Short Answer: Beans are good for muscle building. Because they have protein, carbs, fiber, and folate, and they can stimulate muscle growth, provide energy, improve digestion, and support oxygen delivery.
Muscle building is a goal that many people have, especially those who want to improve their strength, fitness, and appearance.
Muscle building requires not only regular exercise, but also proper nutrition.
What you eat can affect your muscle growth, recovery, and performance.
To effectively build muscle, you should consume protein-rich foods like chicken, eggs, and beans, and avoid foods high in saturated fat and added sugar like bacon, pastries, and soda.
Protein is the main building block of muscle tissue, and it helps repair and maintain your muscles after exercise.
You should aim for about 0.8 grams of protein per kilogram of body weight per day, or about 56 grams for an average adult male.
Now, beans are a type of legume that come in many varieties, such as black, kidney, pinto, and chickpeas.
People usually eat them cooked, either as a side dish, in salads, soups, or stews, or as a main ingredient in dishes like hummus, falafel, and burritos.
Beans are good for muscle building because they contain high-quality plant-based protein, as well as complex carbohydrates, fiber, and various vitamins and minerals.
One cup (171 grams) of cooked pinto beans, for example, provides 15 grams of protein, 45 grams of carbs, 15 grams of fiber, and 74% of the daily value (DV) of folate, a B vitamin that supports DNA synthesis and cell division.
Protein can positively affect muscle building by stimulating muscle protein synthesis, the process of creating new muscle fibers.
Carbs can positively affect muscle building by providing energy for your workouts, replenishing your muscle glycogen stores, and enhancing insulin secretion, which can promote amino acid uptake by your muscles.
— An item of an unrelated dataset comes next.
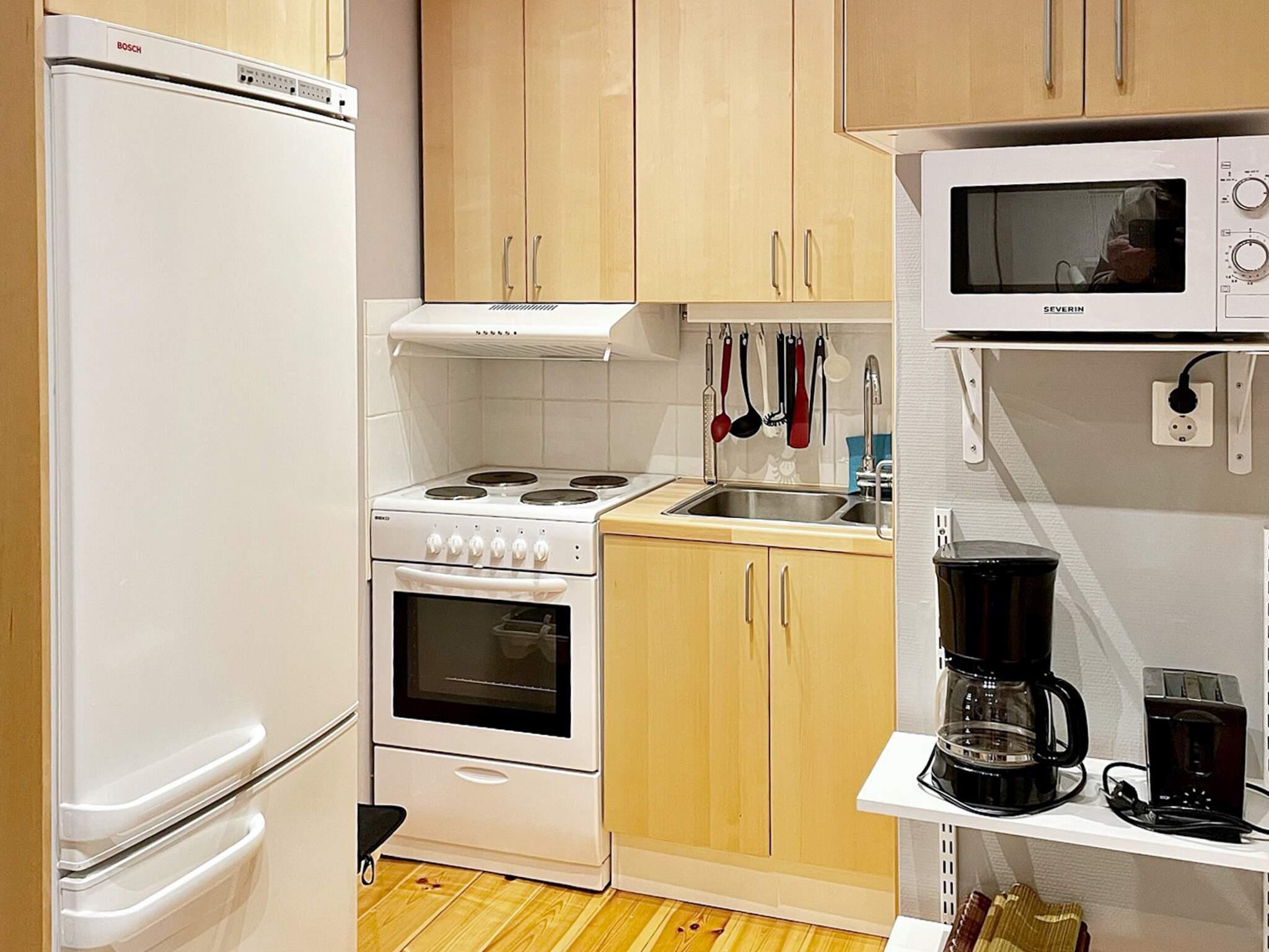Das Badezimmer besteht aus Dusche, WC und Waschbecken. Das Schlafzimmer hat zwei Etagenbetten mit insgesamt vier Kojen und ist offen mit dem Wohnzimmer verbunden. Die Küche ist etwas kleiner aber völlig ausreichend und hat alles was man sich wünscht. Draußen auf der Holzterrasse stehen Gartenmöbel und ein Holzkohlegrill für schöne Tage bereit.

Fiber can positively affect muscle building by improving your digestive health, lowering your cholesterol levels, and regulating your blood sugar levels.
Folate can positively affect muscle building by supporting red blood cell production, which can improve oxygen delivery to your muscles.
Furthermore, beans are a low-fat and cholesterol-free food, and low-fat and cholesterol-free foods are good for muscle building.
Because, excess fat and cholesterol can increase your risk of heart disease, which can impair your blood flow and oxygen delivery to your muscles.
You can eat about one to two cups of cooked beans per day safely.
More than that can cause digestive issues, such as gas, bloating, and cramps, due to the high fiber and oligosaccharide content of beans.
Oligosaccharides are a type of carbohydrate that your body cannot digest, and they are fermented by bacteria in your colon, producing gas as a by-product.
Also, you shouldn’t eat raw or undercooked beans, especially kidney beans, to prevent food poisoning.
Because, raw or undercooked beans contain a toxin called lectin, which can cause nausea, vomiting, and diarrhea.
Lectin can be destroyed by soaking and boiling the beans for at least 10 minutes.
You can buy dried or canned beans in your local market or online.
Always choose beans that are free of added salt, sugar, or preservatives.
Because, these additives can increase your sodium, calorie, and chemical intake, which can negatively affect your health and muscle building.
You can store dried beans in an airtight container in a cool, dry place for up to a year, and canned beans in a pantry for up to five years.
Finally, remember, maintaining a healthy lifestyle, including a balanced diet, regular exercise, stress management, and essential medical care, is key to building muscle effectively.
I always recommend my muscle-building clients to follow a high-protein, moderate-carb, and low-fat diet to improve their muscle mass, strength, and endurance.